Seven

This is Helen Burling Ottaway, my mother, in 1945.

The vest was red wool with embroidery. We had it still, when we were kids. We probably wore it out.

I am not pensive today, I am festive! And home! Three days of driving, with Sol Duc the cat objecting quite a bit, and we are home in Washington.

There are a LOT of mountains between Grand Junction, Colorado and Port Townsend Washington. Many passes as we drove northwest, over to Salt Lake City and then up through Idaho, part of Oregon and then Washington. There was snow on the first pass, but not on the road. We stayed in Burley, Idaho and then in Pendleton, Oregon. When I drove over Snoqualmie Pass, we drove into a cloud and rain and suddenly I could smell the sound! Salt and sea! It was raining in Pendleton yesterday morning but there was no ocean smell. Sol Duc continued to complain intermittently and got tired and slept a lot. Just wait, cat, we are going back!

It is fabulous to be home and see friends already!

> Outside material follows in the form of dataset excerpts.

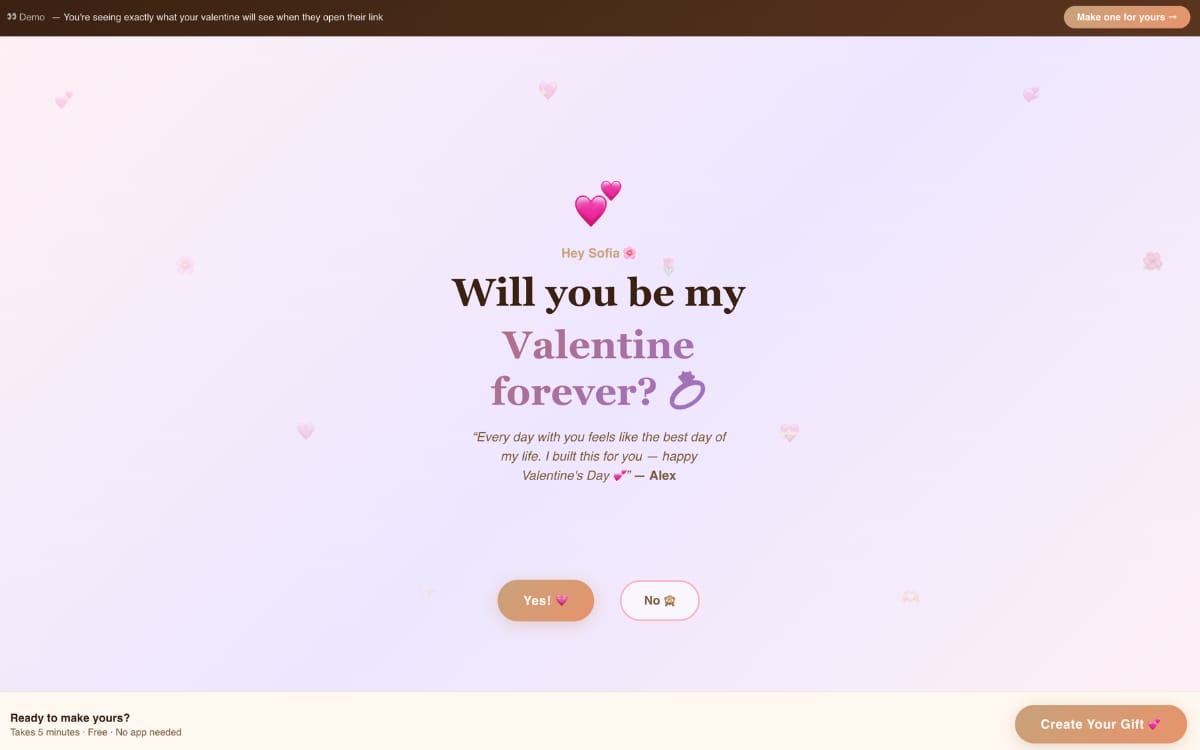 With a slight delay: create a valentine page with your own message, memories and inside jokes to surprise someone you love. Save it for next year.
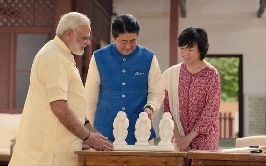 當然,莫迪之所以盛情接待安倍夫婦,在筆者看來不外乎有兩點原因。一來,安倍首相此次訪問為印度,或者更進一步説是為莫迪的家鄉艾哈邁達巴德帶去了低利息的新幹線項目,並且還同意向印度出口核技術、投資印度基建等,這對於莫迪政權而言無疑是一大政績。因此,為了獲得日本今後更多的資金與技術支持,莫迪必須在外交禮儀中給足安倍面子。
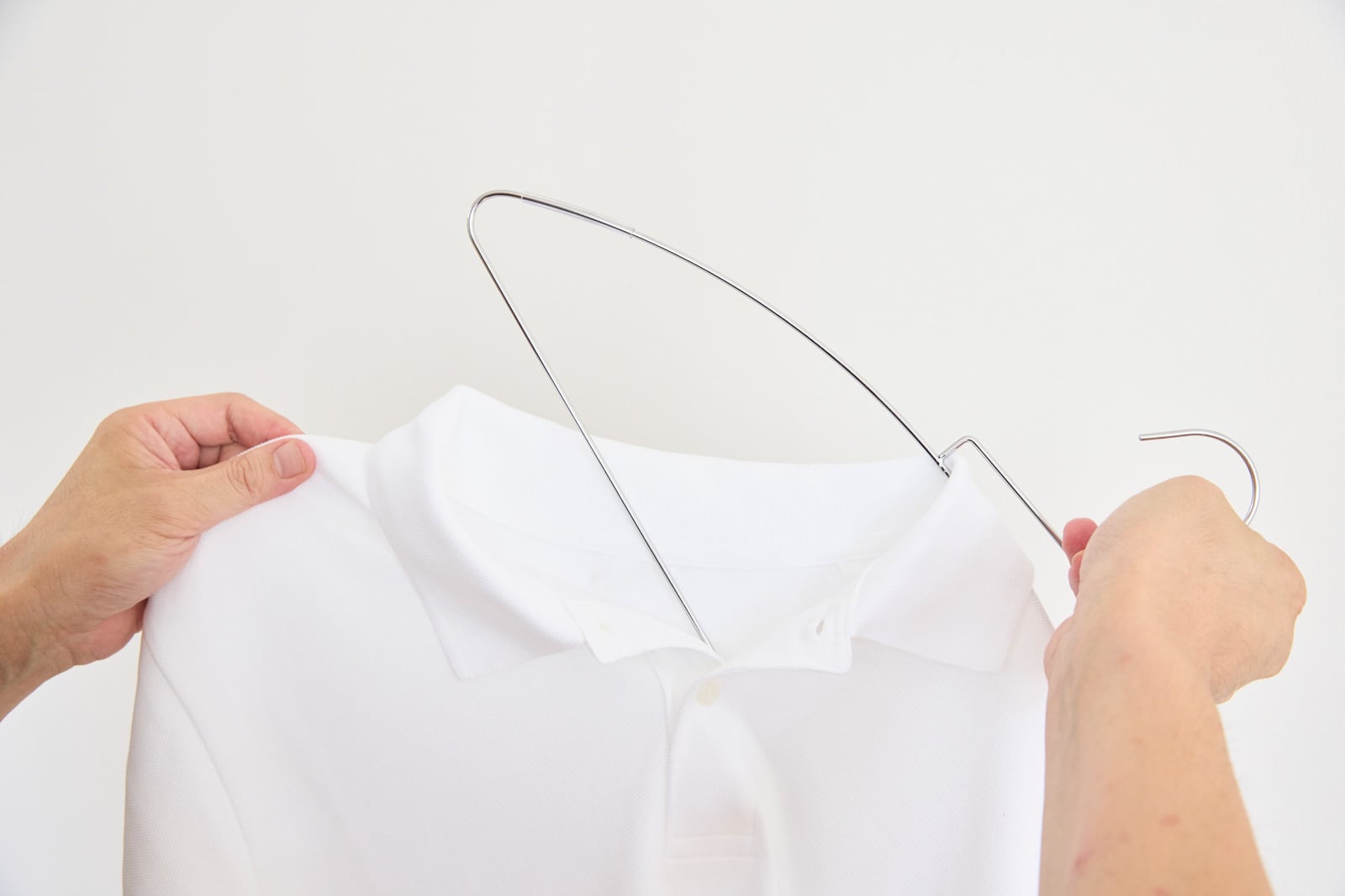 Tシャツハンガーは洗濯物を左手にハンガーを右手に持ち、首もとから切り込み部分まで入れてから反対側を首もとに入れれば簡単にハンガー干しができる便利グッズ。
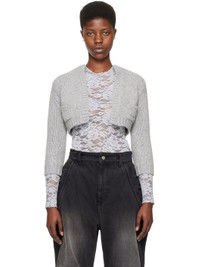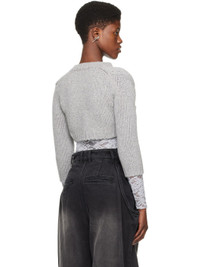 Knit wool- and alpaca-blend cardigan. · Rib knit crewneck, open front, hem, and cuffs · Patch pockets · Logo embroidered at front hem Supplier color: Gray 78% wool, 15% alpaca, 7% nylon. Made in South Korea 241327F095001
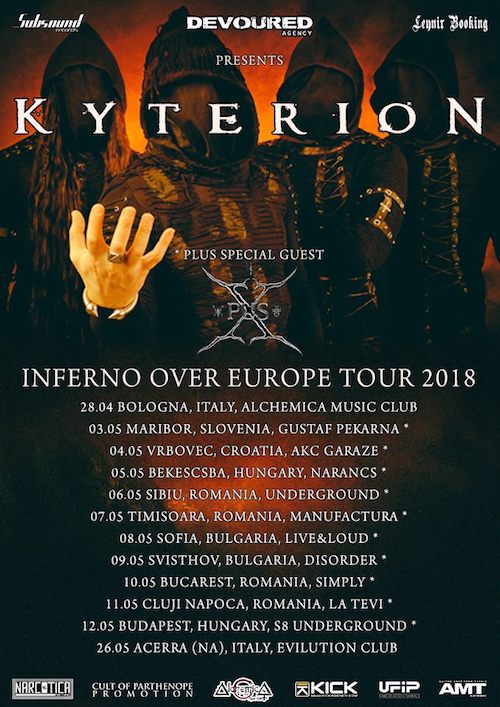 I black metallers Kyterion annunciano le date del loro tour europeo a supporto del nuovo album “Inferno II”, in uscita il 4 Maggio 2018 per Subsound Records. “Inferno Over Europe 2018” avrà inizio ad Aprile proseguendo per gran parte del mese di Maggio, e vedrà la band impegnata in 12 date attraversando 6 diversi paesi.
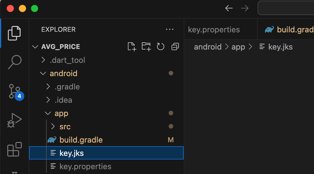 생성된 key.jks 파일을 프로젝트폴더 내에 [android > app] 에 복사해 줍니다.

A friend came and made me banh xeo, Vietnamese pancakes, with spinach and salmon filling, and then I crashed to sleep.

For the Ragtag Daily Prompt: pensive.

Mitochondrial envy

Just think if Dr. Freud were alive today.

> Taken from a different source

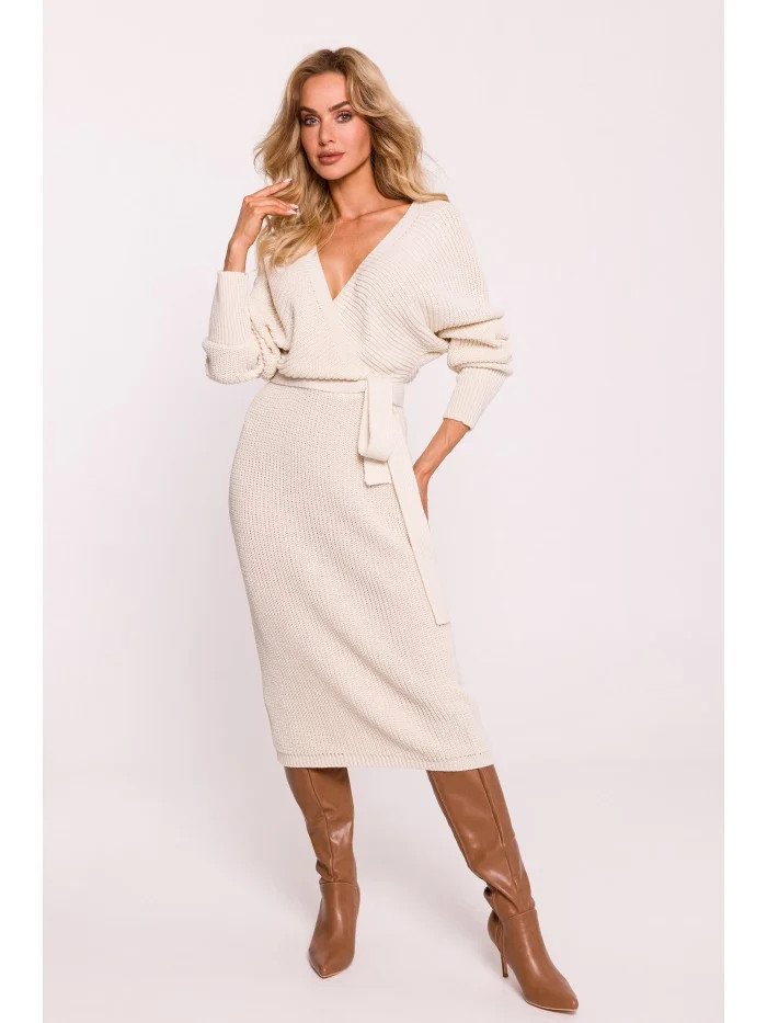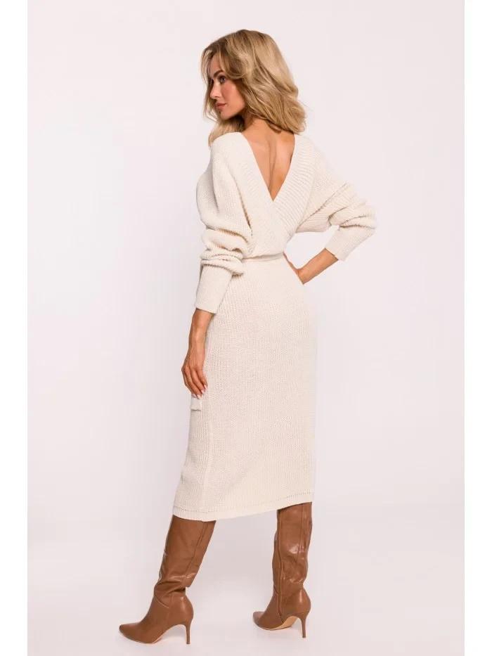 M810 Svetrové šaty s výstřihem do V - slonová kost
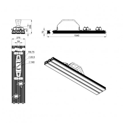Экструдированный корпус изготовлен из анодированного алюминия, устойчивого к коррозии, имеет торцевые металлические крышки с силиконовым уплотнителем. Большое количество ребер обеспечивает эффективный теплоотвод. Светильник надежно защищён от влаги и пыли (IP66), имеет широкий диапазон температуры эксплуатации от -40 °С до +50 °С.

He’d be studying mitochondrial envy.

After all, the sperm have no mitochondria. Only the egg has mitochondria, so the mitochondria are matrilineal, from the mother only. And it is from mother to daughter to daughter that they are handed down.

I have a photograph of my mother’s mother’s mother. Mary Robbins White. She is looking straight at the camera, no smile, serious. Her thoughts are contained, her eyes give nothing away. I have photographs of my mother’s mother, my mother, me and my daughter, all with the same expression. On guard.

The mitochondria are the powerhouses of the cells as well. They may have been a separate cell that moved in and made a deal with a larger cell: you take care of me and I will power you. An exchange. A bargain. A treaty. Sounds like a sensible female move to me.

My son has my mitochondria. His children, if he has them, will have his wife’s mitochondria. I think he has chosen well. I like her very much. I hope to see grandchildren.

Perhaps mitochondria are the magic that early hominoids worship when they make the earth figurine, the stone figure with generous breasts and belly and hips. The nurturer, the fecund mother, the destroying hungry mother who swallows her children and will not let them go.

I am reading Joseph Campbell, Myths to Live By, 1972. I wonder what he would say about the matrilineal mitochondria, the second set of genetic material in each cell, the part that comes from the mother only. I think he would be fascinated and he would be writing another book.